A tank of helium gas with a pressure of 210 torr at 0∘C is heated to give a pressure of 1100 torr .
I don't see a question here. Probably you want to know T2.
(P1/T1) = (P2/T2)
T1 and T2 are in Kelvin.
To solve this problem, we can use the combined gas law equation, which relates the initial and final conditions of a gas when its temperature, pressure, and volume change.
The combined gas law equation is:
(P1 * V1) / (T1) = (P2 * V2) / (T2)
Where:
P1 and P2 are the initial and final pressures,
V1 and V2 are the initial and final volumes,
T1 and T2 are the initial and final temperatures.
Let's assume the initial and final volumes are constant.
Given:
P1 = 210 torr (initial pressure)
T1 = 0°C (initial temperature)
P2 = 1100 torr (final pressure)
We need to find T2 (final temperature).
Converting the temperatures from °C to Kelvin:
T1 = 0 + 273.15 = 273.15 K
Now we can rearrange the equation to solve for T2:
(P1 * V1) / T1 = (P2 * V2) / T2
Since V1 = V2, we can simplify the equation:
P1 / T1 = P2 / T2
Now we can plug in the values:
210 torr / 273.15 K = 1100 torr / T2
Cross-multiplying:
(P1 * T2) = (P2 * T1)
(210 torr) * T2 = (1100 torr) * (273.15 K)
Dividing both sides by 210 torr:
T2 = (1100 torr * 273.15 K) / 210 torr
T2 ≈ 1427.31 K
Therefore, when the tank of helium gas is heated, the temperature will be approximately 1427.31 K.
To find the final temperature of the helium gas after it is heated, we can use the ideal gas law equation:
PV = nRT
Where:
P = pressure (in atmospheres)
V = volume (in liters)
n = number of moles of gas
R = ideal gas constant (0.0821 L·atm/mol·K)
T = temperature (in Kelvin)
In this case, we are given the initial pressure (210 torr) at 0°C and the final pressure (1100 torr). To solve for the temperature, let's follow these steps:
Step 1: Convert the given temperatures to Kelvin.
Since we are given the temperature in degrees Celsius, we need to convert it to Kelvin by adding 273.15.
Initial temperature (0°C) = 0 + 273.15 = 273.15 K
Step 2: Convert the pressures from torr to atmospheres.
Since the ideal gas law uses pressure in atmospheres, we need to convert torr to atmospheres by dividing by 760.

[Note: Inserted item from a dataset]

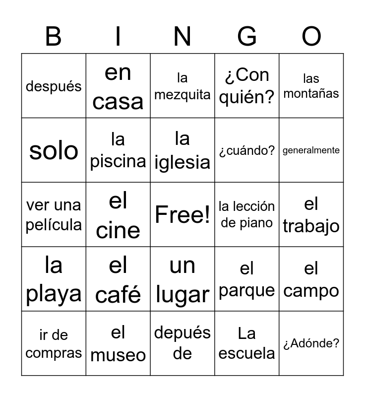 This bingo card has a free space and 32 words: La escuela, la biblioteca, el cine, el teatro, la playa, la piscina, las montañas, el campo, en casa, el centro comercial, la iglesia, la mezquita, el templo, la sinagoga, la lección de piano, tiempo libre, ir de compras, ver una película, un lugar, el café, el parque, el restaurante, el trabajo, el museo, ¿Adónde?, ¿Con quién?, ¿cuándo?, solo, después, depués de, los fines de semana and generalmente.

Initial pressure (210 torr) = 210/760 = 0.276 atm
Final pressure (1100 torr) = 1100/760 = 1.447 atm
Step 3: Rearrange the ideal gas law equation to solve for temperature (T).
PV = nRT
T = PV / (nR)
Step 4: Calculate the final temperature.
Substitute the values into the equation and solve.
Initial pressure (P1) = 0.276 atm
Final pressure (P2) = 1.447 atm
Initial temperature (T1) = 273.15 K
n = number of moles (Since the number of moles is not given, we can assume it remains constant throughout the process.)
R = 0.0821 L·atm/mol·K
T2 = P2V / (P1V) * T1
T2 = (1.447 * V) / (0.276 * V) * 273.15
T2 ≈ 1414 K
Therefore, the final temperature of the helium gas after it is heated is approximately 1414 K.